--- RECORDED DATA Enclosed Below ---
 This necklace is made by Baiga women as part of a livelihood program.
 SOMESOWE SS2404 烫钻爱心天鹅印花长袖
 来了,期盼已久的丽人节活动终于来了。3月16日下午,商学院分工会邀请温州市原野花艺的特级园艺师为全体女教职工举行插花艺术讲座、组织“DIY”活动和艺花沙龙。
--- End of Enclosed RECORDED DATA ---
--- RECORDED DATA Enclosed Below ---
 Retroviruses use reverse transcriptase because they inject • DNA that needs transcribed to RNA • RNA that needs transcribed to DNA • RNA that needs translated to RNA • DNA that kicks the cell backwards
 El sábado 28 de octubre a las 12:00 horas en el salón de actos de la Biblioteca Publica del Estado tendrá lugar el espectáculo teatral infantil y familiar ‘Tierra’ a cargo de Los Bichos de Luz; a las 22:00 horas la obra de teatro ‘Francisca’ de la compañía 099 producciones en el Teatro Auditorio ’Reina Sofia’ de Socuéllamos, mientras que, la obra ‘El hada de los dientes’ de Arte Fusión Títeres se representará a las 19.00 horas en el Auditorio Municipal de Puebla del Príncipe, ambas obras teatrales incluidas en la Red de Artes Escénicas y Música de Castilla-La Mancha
--- End of Enclosed RECORDED DATA ---
--- RECORDED DATA Enclosed Below ---
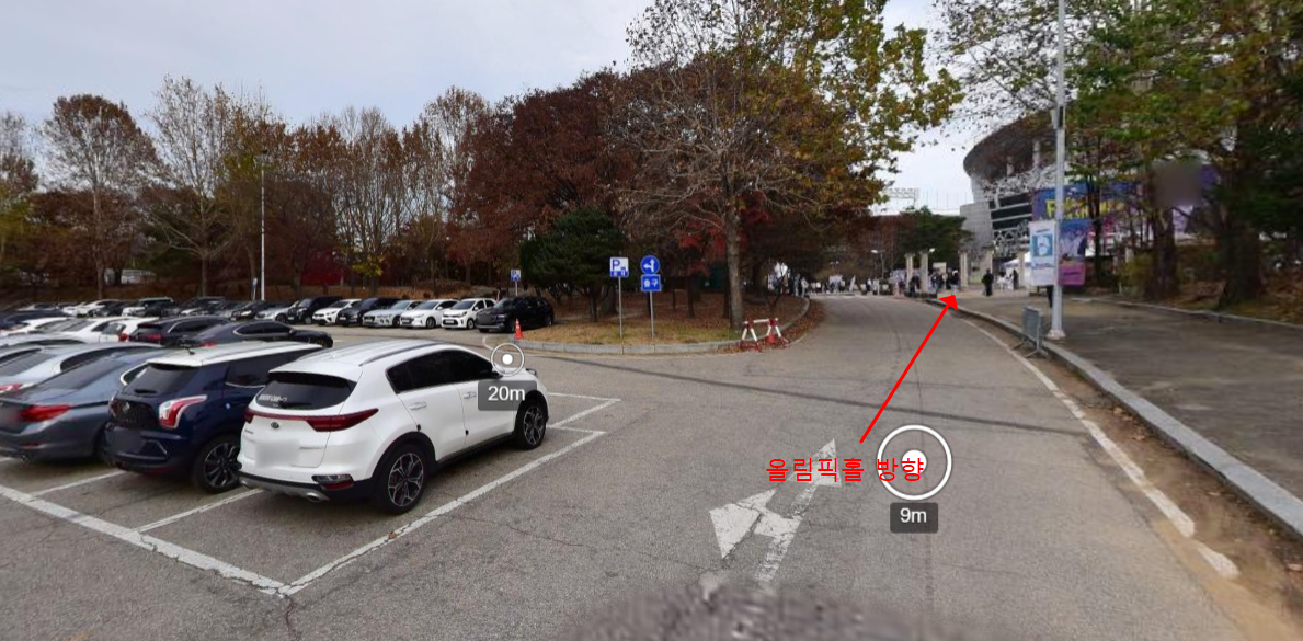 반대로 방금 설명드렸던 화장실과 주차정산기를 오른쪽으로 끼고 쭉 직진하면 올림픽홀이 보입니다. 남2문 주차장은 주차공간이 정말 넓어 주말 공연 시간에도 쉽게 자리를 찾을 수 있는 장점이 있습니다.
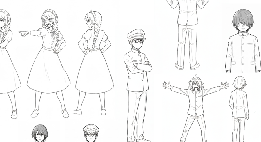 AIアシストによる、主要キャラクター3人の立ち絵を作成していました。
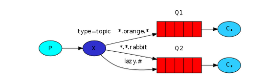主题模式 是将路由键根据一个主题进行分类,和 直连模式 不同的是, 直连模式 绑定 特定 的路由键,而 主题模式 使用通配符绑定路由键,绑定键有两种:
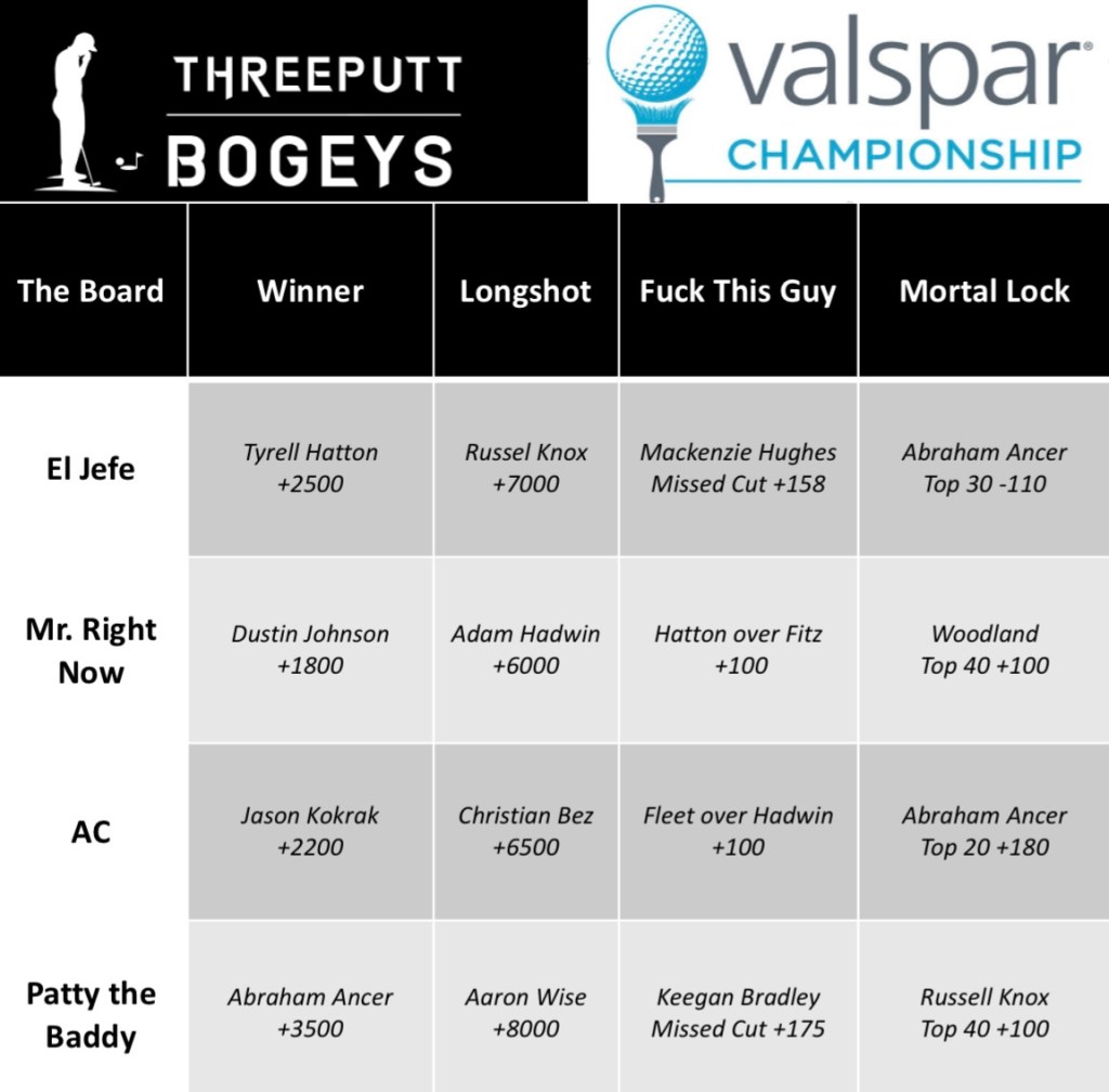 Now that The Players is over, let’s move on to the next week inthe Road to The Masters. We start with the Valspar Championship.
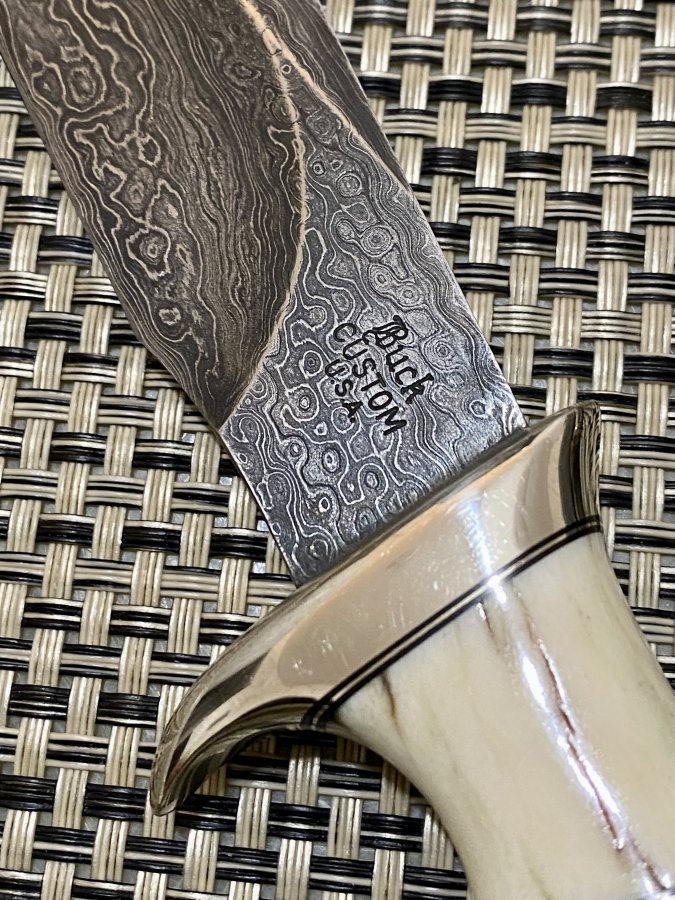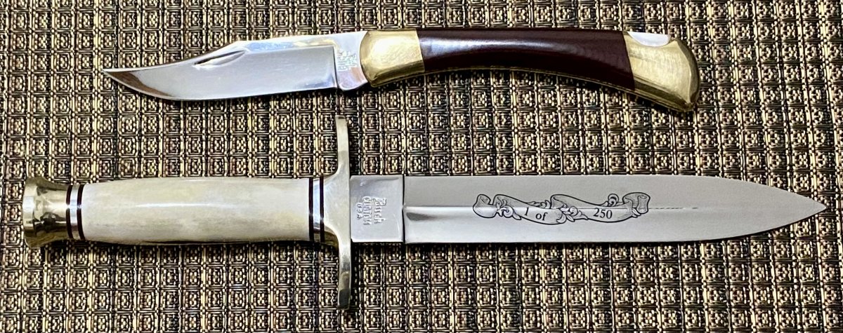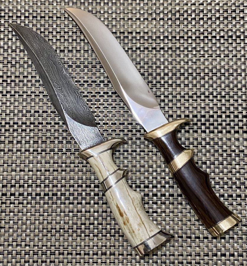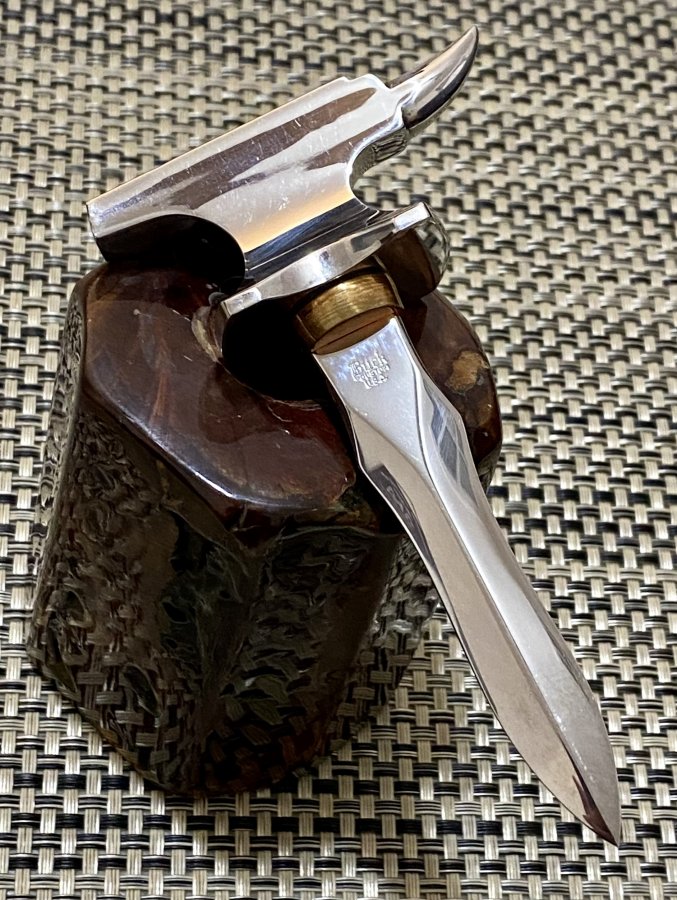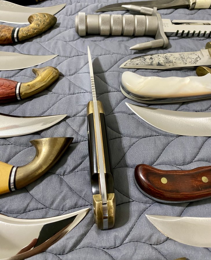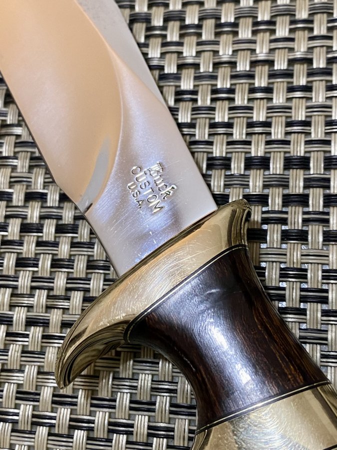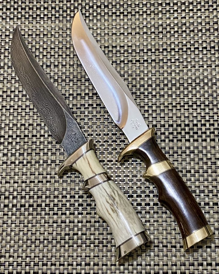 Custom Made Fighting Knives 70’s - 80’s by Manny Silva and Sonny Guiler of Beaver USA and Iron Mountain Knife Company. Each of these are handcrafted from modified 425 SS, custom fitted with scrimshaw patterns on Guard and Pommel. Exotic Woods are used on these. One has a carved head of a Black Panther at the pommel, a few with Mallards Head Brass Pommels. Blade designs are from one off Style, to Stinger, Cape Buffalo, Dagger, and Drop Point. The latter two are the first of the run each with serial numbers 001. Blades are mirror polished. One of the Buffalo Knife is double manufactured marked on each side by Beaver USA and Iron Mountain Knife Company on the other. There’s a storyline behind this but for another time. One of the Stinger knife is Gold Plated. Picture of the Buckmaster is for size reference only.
--- End of Enclosed RECORDED DATA ---
DIRECTIONS:
From the records above, quote only the lines running from the line with "This necklace is" to the line with "来了,期盼已久的丽人节活动终", both lines included.

RESPONSE FOR THIS EXERCISE:
 This necklace is made by Baiga women as part of a livelihood program.
 SOMESOWE SS2404 烫钻爱心天鹅印花长袖
 来了,期盼已久的丽人节活动终于来了。3月16日下午,商学院分工会邀请温州市原野花艺的特级园艺师为全体女教职工举行插花艺术讲座、组织“DIY”活动和艺花沙龙。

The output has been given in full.